In February, the United Nations declared a famine in South Sudan and estimated that 100,000 people faced immediate risk of starvation. This was the first declared famine in six years; the last was in Somalia in 2011. While South Sudan has long been struggling, the question is, how did an oil-rich state and one that had finally gained independence from Sudan after years of fighting, suddenly find itself in this situation? Read on to learn more about the nation’s tumultuous history, the aftermath of its independence, and where it stands today.


The History of Sudan

Sudan emerged as an extension of Egyptian society in 1500 B.C. and shared many of Egypt’s customs after the decline of ancient Egypt. Critical to the current conflict, Christianity was introduced to Sudan beginning in the 4th century, followed closely by Islam. For the next several centuries, the country fell under the sway of various Muslim or Egyptian rulers until it finally became a province of the Ottoman Empire in the 19th century. Not long after, control of Sudan passed to the British after fierce fighting between Britain and local religious leaders.

Ultimately, British machine guns and artillery won out and Sudan was eventually brought to heel under a combined British-Egyptian rule. For approximately the first fifty years of the 20th century, the two sides continued this arrangement, with occasional conflict, as Egypt wanted to rule both Egypt and Sudan as one united country. These protests were ignored and ultimately, after Egyptian consent, Sudan became an independent country in 1956.


The Emergence of South Sudan

In 2011, 99 percent of voters in a referendum decided that the 10 southern-most states of Sudan should break away and become South Sudan. While the final decision ended with a clean break, getting to that point was an arduous process. In fact, the referendum followed on the heels of the 2005 Comprehensive Peace Agreement, an agreement that finally ended a civil war that had lasted for several decades. In total, more than 1.5 million people died in the war and another 4 million were displaced because of the war.

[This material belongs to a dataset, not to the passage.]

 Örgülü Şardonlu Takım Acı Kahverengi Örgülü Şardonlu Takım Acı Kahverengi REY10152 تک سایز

The Civil War started in 1955, before what would become Sudan had even gained independence, when army officers from the south of Sudan mutinied. The officers rose up out of fear that once control of Sudan had passed from Egypt and Great Britain that the Muslim majority in the north, the new government, would impose Islamic Law on the country and promote an Arab identity. The initial conflict ended in 1972 with the Addis Ababa Agreement that granted the south limited autonomy. However, the government reneged on its agreement in 1983 leading to another outbreak in fighting that lasted until 2005. The specific issue was the government in the north’s decision to place Sudan under Sharia Law. While the country was approximately 70 percent Muslim, the other 30 percent was composed of Christians and those who followed traditional indigenous religions. In addition to the religious divide, there is also an ethnic divide between Arabs in the north and black Africans in the south.

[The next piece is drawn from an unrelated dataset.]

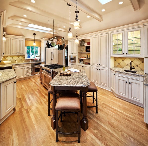 The firm’s latest work on the house came in 2010, when it turned a small 1980s kitchen into a French country delight. ALH created a vaulted, coffered ceiling that added a full foot and eight inches to the room’s height, which “allowed us to substantially increase the lighting by adding two skylights,” Harris says. ALH also added five false beams to match the hearth room and tie the two spaces together. LED lighting was hidden inside glass cabinets, and ALH also installed recessed lighting and onyx pendant lights over the windows and island.

In addition to the ethnic conflict that started much of the fighting, a major issue preventing peace was how to divide the country’s oil. Although the south has most of the oil reserves, the north had the pipelines and the port to the Red Sea. In the 2005 agreement, the two sides decided to divide profits equally, however, that arrangement ended in 2011 with South Sudan’s independence. Furthermore, while the 2005 agreement paved the way for southern independence it left many conflicts unresolved. The video below looks at Sudan’s modern history and why it has been plagued by conflict.

The Aftermath

Following the implementation of the peace deal in 2005, South Sudan went through a six-year period of autonomy before it voted for independence in 2011. The initial decision for independence was greeted with enthusiasm due to the promise of a large supply of oil and an end to decades of fighting. However, the agreement also left key elements undecided. Notably, it failed to decisively divide up oil resources evenly and did not extinguish ethnic tensions.

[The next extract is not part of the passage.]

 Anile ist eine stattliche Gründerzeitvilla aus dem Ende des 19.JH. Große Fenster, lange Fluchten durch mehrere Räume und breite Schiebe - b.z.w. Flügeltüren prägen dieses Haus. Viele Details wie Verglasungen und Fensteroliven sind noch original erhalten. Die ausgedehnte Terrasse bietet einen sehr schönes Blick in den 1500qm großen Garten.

The oil issue grew out of the fact that the new South Sudan had most of the oil, while Sudan had most of the transporting and refining capabilities. This issue also bled into the ethnic conflict as some of the disparate groups were armed by Sudan in an effort to weaken South Sudan from the inside, sparking sudden conflicts. These clashes, especially the one between the two largest ethnic groups, led by the president and vice president, sparked yet another outbreak of civil war, this time within South Sudan. Additionally, there remains conflict between South Sudan and Sudan in various border regions. One of the contested areas, Abyei, was not able to participate in the original 2011 referendum vote, leaving questions about its status in the conflict. Many of these border regions also have considerable amounts of oil.

The following video looks at South Sudan at independence and many of the issues that have plagued it since:


South Sudan’s Civil War

civil war within South Sudan, following its independence, came about in December 2013. At that time the president of South Sudan, Salva Kiir, and the vice president, Riek Machar, were engaged in political infighting. Ultimately, Machar was removed from his role as vice president and fled the country.

What started as a political dispute quickly divided the country along ethnic lines. The Dinka, one of the two largest ethnic groups in South Sudan, supported the president, while the Nuer, the other major ethnic group, supported the ousted vice president. As the ethnic conflict escalated, human rights violations ranging from rape to murder have been documented. Because of the violence, many farmers have been unable to tend their fields and grow their crops, which has led to the food disaster that is now considered a famine.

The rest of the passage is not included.